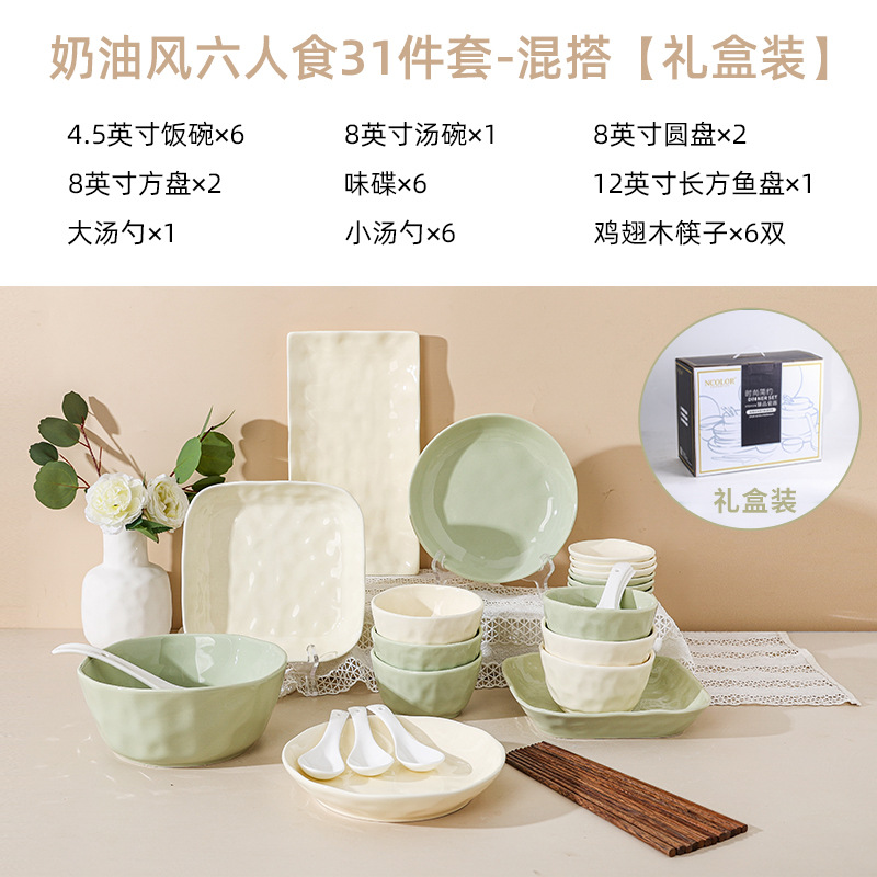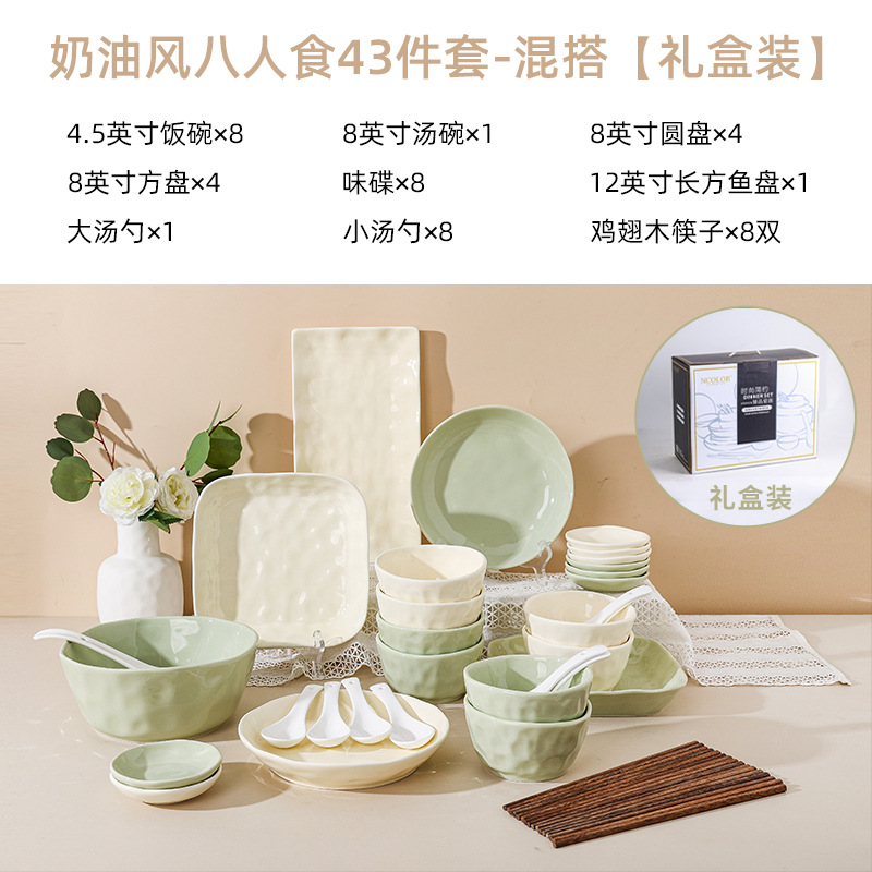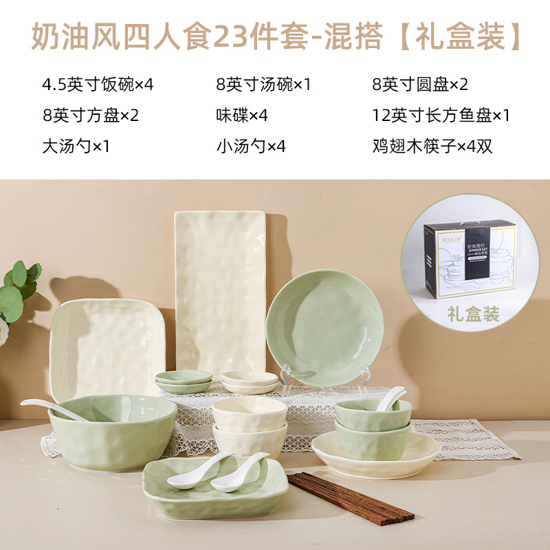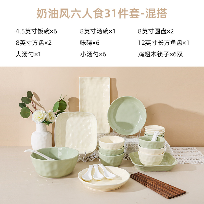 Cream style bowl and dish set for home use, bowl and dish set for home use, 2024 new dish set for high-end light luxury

───

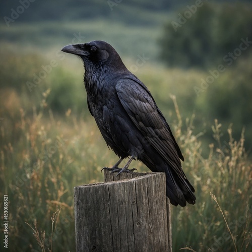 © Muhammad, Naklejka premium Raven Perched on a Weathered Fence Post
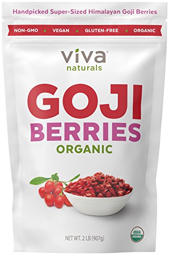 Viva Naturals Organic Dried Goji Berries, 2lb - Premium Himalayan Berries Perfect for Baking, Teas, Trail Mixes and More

───

WORK REQUIRED >> Only the lines starting at the one that includes "Weathered Fence Post" and ending at the one that includes "Viva Naturals Organic" should be retyped, exactly, from the records above; no pictures.

RESULT OF THIS EXERCISE >>
 © Muhammad, Naklejka premium Raven Perched on a Weathered Fence Post
 Viva Naturals Organic Dried Goji Berries, 2lb - Premium Himalayan Berries Perfect for Baking, Teas, Trail Mixes and More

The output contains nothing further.